Collected data.
++++++

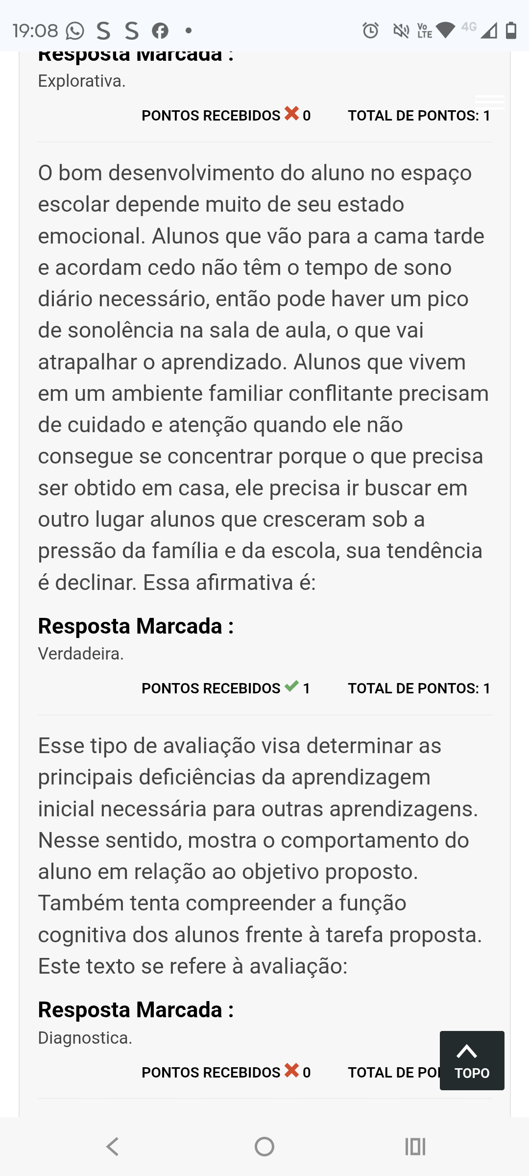 19:08 S S Vo 4G LTE Resposta : Explorativa. PONTOS RECEBIDOS TOTAL DE PONTOS: 1 bom desenvolvimento do aluno no espaço escolar depende muito de seu estado emocional. Alunos que vão para a cama tarde e acordam cedo não têm tempo de sono diário necessário, então pode haver um pico de sonolência na sala de aula, que vai atrapalhar o aprendizado. Alunos que vivem em um ambiente familiar conflitante precisam de cuidado e atenção quando ele não consegue se concentrar porque que precisa ser obtido em casa, ele precisa ir buscar em outro lugar alunos que cresceram sob a pressão da família e da escola, sua tendência é declinar. Essa afirmativa é: Resposta Marcada : Verdadeira. PONTOS RECEBIDOS 1 TOTAL DE PONTOS: 1 Esse tipo de avaliação visa determinar as principais deficiências da aprendizagem inicial necessária para outras aprendizagens. Nesse sentido, mostra comportamento do aluno em relação ao objetivo proposto. Também tenta compreender a função cognitiva dos alunos frente à tarefa proposta. Este texto se refere à avaliação: Resposta Marcada : Diagnostica. PONTOS RECEBIDOS 0 TOTAL DE POI TOPO
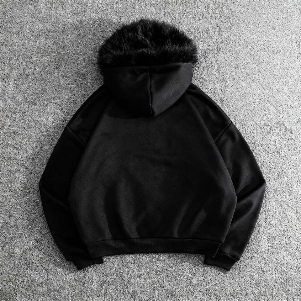 หมายเลขรุ่น:CUS250102- Custom Fur Collar Oversized Hoodie
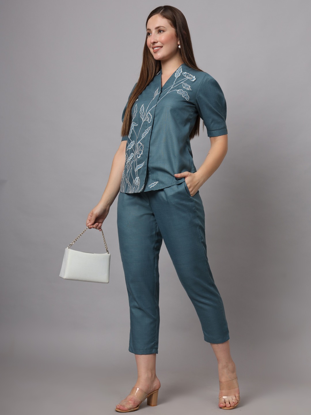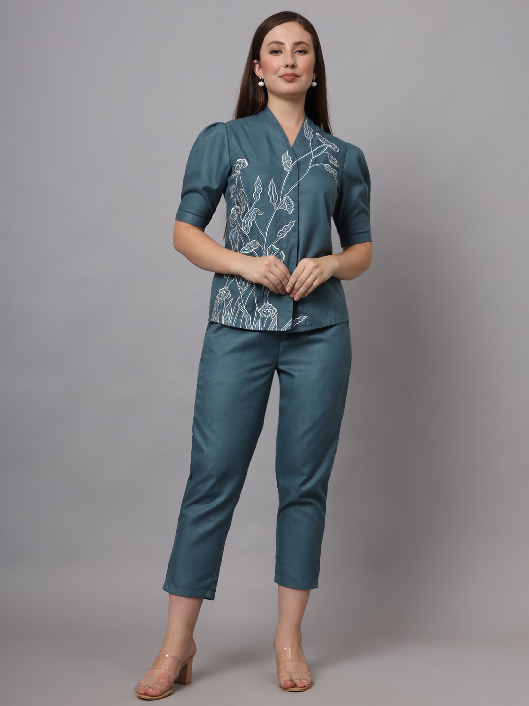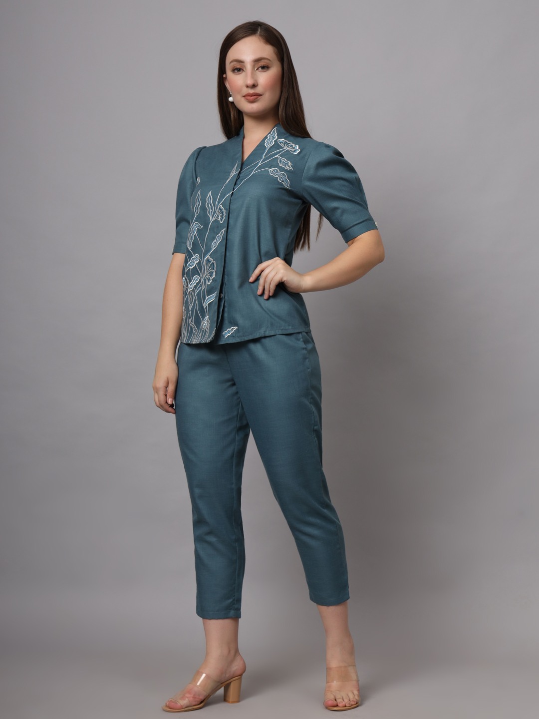 BLUE FLORAL EMBROIDERED CO-ORD SET
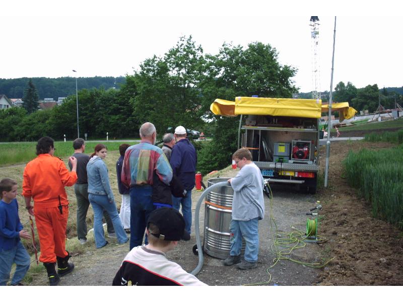 Das im Zusammenhang mit dem Quartierplan erstellte Abwassserpumpwerk Chüeweid konnte an diesem Tag besichtigt werden. Die Einweihung des Pumpwerks wurde mit einer Besichtigung des Regenrückhaltebeckens Alte Stationsstrasse verknüpft. Die Feuerwehr zeigte, wie bei einem Unfall eine Bachsperre erstellt wird. Die bei den Bauarbeiten beteiligten Firmen stellten Ihre Arbeit vor und eine Festwirtschaft rundete das Angebot ab.
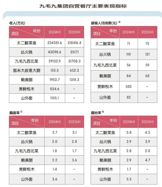 据九毛九财报显示,2024年二季度,自营太二餐厅人均消费69元、怂火锅人均消费104元、九毛九人均消费55元。2023年,太二人均消费75元、怂火锅人均消费113元、九毛九人均消费58元。

++++++

What you will do.
Hand back the records above exactly, leaving out every picture.

Problem solution.
 19:08 S S Vo 4G LTE Resposta : Explorativa. PONTOS RECEBIDOS TOTAL DE PONTOS: 1 bom desenvolvimento do aluno no espaço escolar depende muito de seu estado emocional. Alunos que vão para a cama tarde e acordam cedo não têm tempo de sono diário necessário, então pode haver um pico de sonolência na sala de aula, que vai atrapalhar o aprendizado. Alunos que vivem em um ambiente familiar conflitante precisam de cuidado e atenção quando ele não consegue se concentrar porque que precisa ser obtido em casa, ele precisa ir buscar em outro lugar alunos que cresceram sob a pressão da família e da escola, sua tendência é declinar. Essa afirmativa é: Resposta Marcada : Verdadeira. PONTOS RECEBIDOS 1 TOTAL DE PONTOS: 1 Esse tipo de avaliação visa determinar as principais deficiências da aprendizagem inicial necessária para outras aprendizagens. Nesse sentido, mostra comportamento do aluno em relação ao objetivo proposto. Também tenta compreender a função cognitiva dos alunos frente à tarefa proposta. Este texto se refere à avaliação: Resposta Marcada : Diagnostica. PONTOS RECEBIDOS 0 TOTAL DE POI TOPO
 หมายเลขรุ่น:CUS250102- Custom Fur Collar Oversized Hoodie
 BLUE FLORAL EMBROIDERED CO-ORD SET
 Das im Zusammenhang mit dem Quartierplan erstellte Abwassserpumpwerk Chüeweid konnte an diesem Tag besichtigt werden. Die Einweihung des Pumpwerks wurde mit einer Besichtigung des Regenrückhaltebeckens Alte Stationsstrasse verknüpft. Die Feuerwehr zeigte, wie bei einem Unfall eine Bachsperre erstellt wird. Die bei den Bauarbeiten beteiligten Firmen stellten Ihre Arbeit vor und eine Festwirtschaft rundete das Angebot ab.
 据九毛九财报显示,2024年二季度,自营太二餐厅人均消费69元、怂火锅人均消费104元、九毛九人均消费55元。2023年,太二人均消费75元、怂火锅人均消费113元、九毛九人均消费58元。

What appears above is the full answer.